I am prepping 50 pens.  I've turned about half and finished out a few using:

Sand to 600
Using the Beall 3 on mandrel buff with tripoli, white diamond, and then the carnuba wax.  The gloss is not bad after the white diamond, and is as good as any I have seen after the carnuba.  I think that the shine will diminish a bit when the wax wears off, but they still look pretty darn good after the white diamond.  I've done other pens that look worse.  I just got the buffing wheels a couple weeks ago and this is my first use of it.  I'm most concerned about people's oils and such penetrating the stabilized wood and discoloring.  Only would apply to the lighter color woods.  Any thoughts?


----------



## alamocdc (Oct 24, 2006)

A lot depends on individual body chemistry. Back before I found this site (and pen finishing techniques other than FP) I had a request for two figured cherry pens by two different people. These weren't stabilized. Today, one has picked up a very nice patina. The other had almost a gray appearance after about three months, but the owner still loves it (I think it looks horrible). I've tried to get him to let me refinish it, but he refuses. Had they been stabilized the appearance of each would now be even different.
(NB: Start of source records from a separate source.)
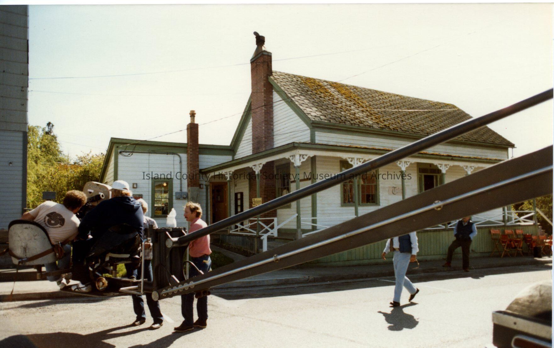 Color photograph of film equipment and crew on Front Street in front of Robertson House building. Filming of Cry for the Stranger in Coupeville, 1982.
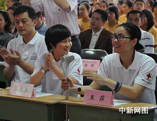 中新社绵阳五月十一日电(记者 唐伟杰 肖青)十一日上午,王菲、李亚鹏夫妇等护送三位灾区孩子返回北川,这是他们倡导发起的“汶川新家庭”助养计划的第一批孩子。
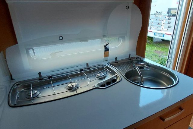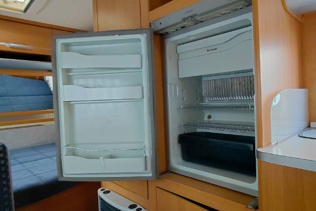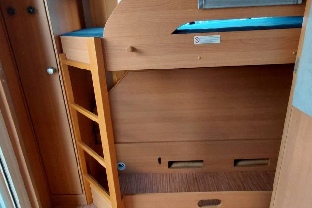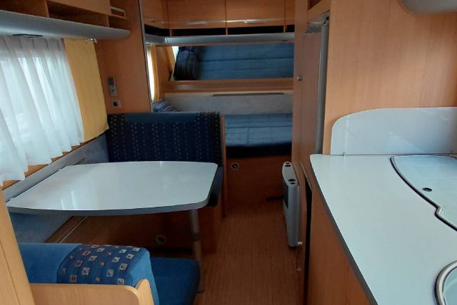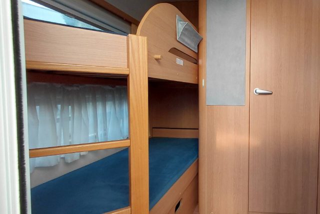 Caravan con letto matrimoniale anteriore, dinette classica trasformabile in letto matrimoniale nella zona centrale con bagno e cucina, letti singoli a castello posteriori.

The stabilizing medium seems to change the characteristics of how the wood reacts to our body oils and acids, if only slightly, but it also depends largely on the wood itself.

So far the "unfinished" stabilized pens I have in the field still look great and some have been in use for about a year and a half.


----------



## pmpartain (Oct 25, 2006)

Thanks.  That's good info.  These are the first big batch of pens that I have sold.  I haven't personally been using a stabilized wood pen to see for myself how the finish will hold up.  I've seen some of my first pens (slimlines with fp finish).  They look pretty good for what they are.  They sold for $15 though and these are much more.  Just want to make sure the customer gets their money worth and is happy.


----------



## tone (Oct 28, 2006)

For burls and other blanks with pits and voids, I wet sand with med or thick CA to make a slurry. When dry, sand down through the MM grades and polish. Sometimes I apply a second coat of ca after about 3200 mm for a thicker gloss coat.

Tony


----------